Ella contestó al saludo sin mirarlos, y les dio la espalda para dirigirse al patio trasero.

—Espera, Isidora, coge la bandeja de la correspondencia y llévale esta carta a mi hermana.

—Así, que ésa es Isidora.

—Esa es, la misma que corría.

—Calla.

Al escucharlos, Isidora supo que los hijos de los marqueses de Senara estaban al tanto del secreto que ella debía guardar. Mientras caminaba hacia la mano extendida a coger la carta, la asaltó una sensación contradictoria. Asco, y poder. Asco, al sentirse descubierta. Poder, al tomar conciencia de que ellos también debían guardar su secreto. Entonces comenzó a saber que los hermanos también tenían miedo, y ella comenzó a perderlo. Y al llegar junto a Victoria, llevaba ya el cuerpo erguido y la cabeza alta.

La carta que Isidora le entregó a la enferma esa mañana sería la última del médico en llegar. Aurora esperó la siguiente durante meses, entreteniendo su tiempo en enseñar a Catalina a leer y a escribir, y convenciéndose a sí misma de que la ausencia de noticias se debía a un fallo en el funcionamiento del correo. Sin embargo, Zacarías continuaba gritando nombres a la entrada del cortijo, que nunca eran el suyo. Lamentó no haber leído todas las cartas del doctor Palacios. Lamentó haberlas quemado. Y lamentaba estar casi curada de su enfermedad y no poder decírselo a él. Entonces decidió escribirle a su consulta. Y a los pocos días, el cartero llegó a «Los Negrales» y entregó un sobre para ella sin haber gritado su nombre. Fue Victoria quien se lo llevó al gabinete. Catalina estaba con ella, pegando con engrudo en su cuaderno las estampas que le había regalado Aurora, y apuntando su nombre debajo de cada virgen y de cada santo.

—Aurora, el médico no te va a escribir más.

Su hermana se marchó sin añadir palabra. Le había puesto en las manos su propia carta, la que ella escribió para el doctor Palacios. Catalina le arrebató el sobre de las manos, y ella palideció al escucharla.

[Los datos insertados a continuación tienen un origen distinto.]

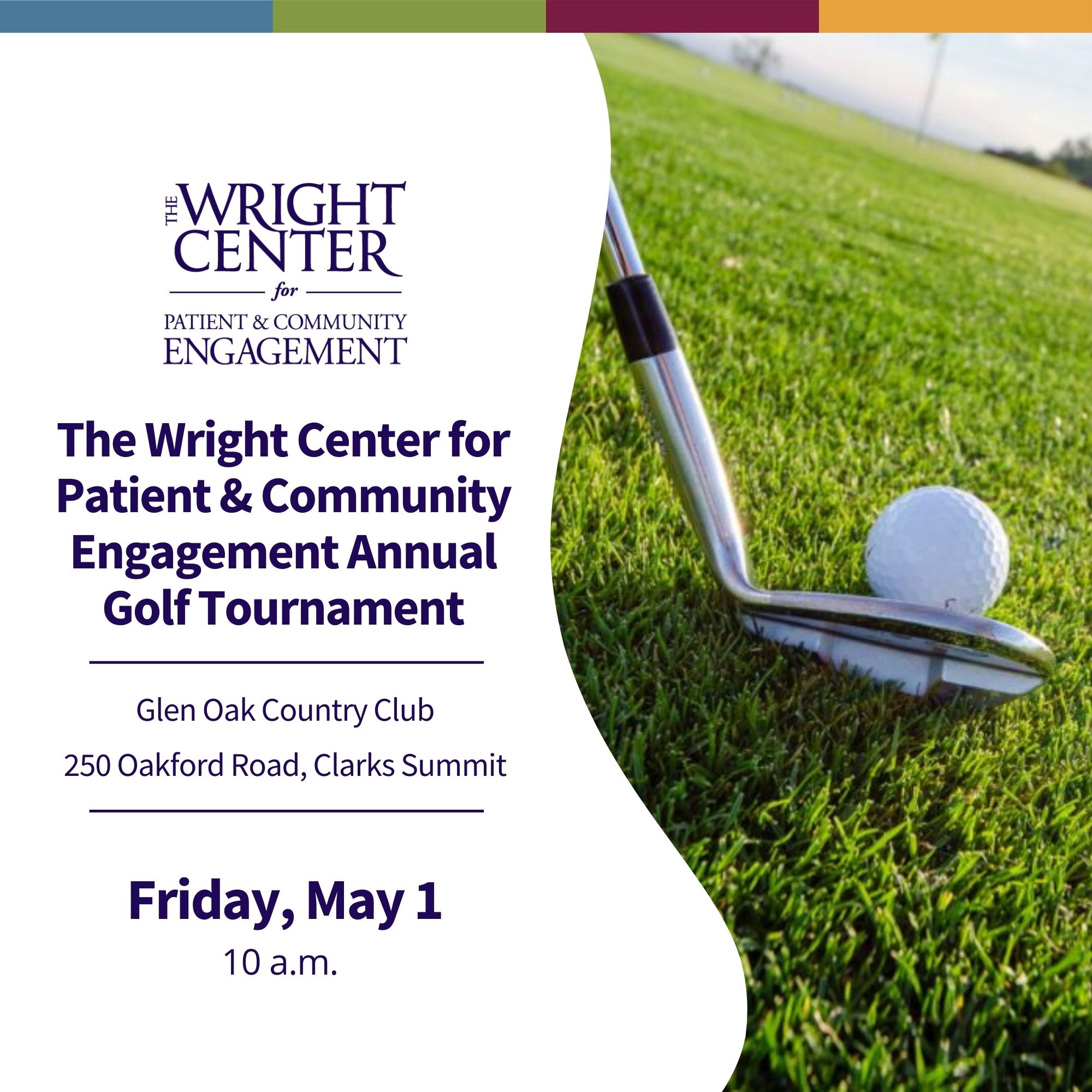 Golf tournament flyer 2026 hitting golf ball on the green with date and time and location

—¿Qué quiere significar defunción?

Aurora se levantó, le pidió a la niña que le devolviera el sobre. Se dirigió a su habitación, y quemó la última carta que recibiría, la primera y la única que se atrevió a mandarle al médico, que había sido devuelta al remitente. Después se sentó en su hamaca, mirando sin mirar al porche del pabellón, y ya sólo se movería de allí para ir a dormir. Isidora seguía atendiéndola por las mañanas, y Catalina acudió a ella todas las tardes con su cuaderno, para que le corrigiera las letras que escribía. Pero Aurora se había entregado a su antigua languidez, se abandonó a ella como si se hubiera zambullido en el agua. No deseaba oír. No deseaba ver. No deseaba sino sentir que se ahogaba. Y la niña optó por escribir canturreando a su lado, al tiempo que Aurora se consumía. Ante el creciente deterioro de la enferma, su madre mandó traer al padre Romero, pero ella se negó a hablar con su confesor. Doña Carmen intentaba animar a su hija sin conseguirlo. Le informaba de los avances del ejército nacional, y del inminente fin de la guerra, pero las noticias pasaban sobre ella, y ella continuaba hundiéndose, mirando sin mirar al porche.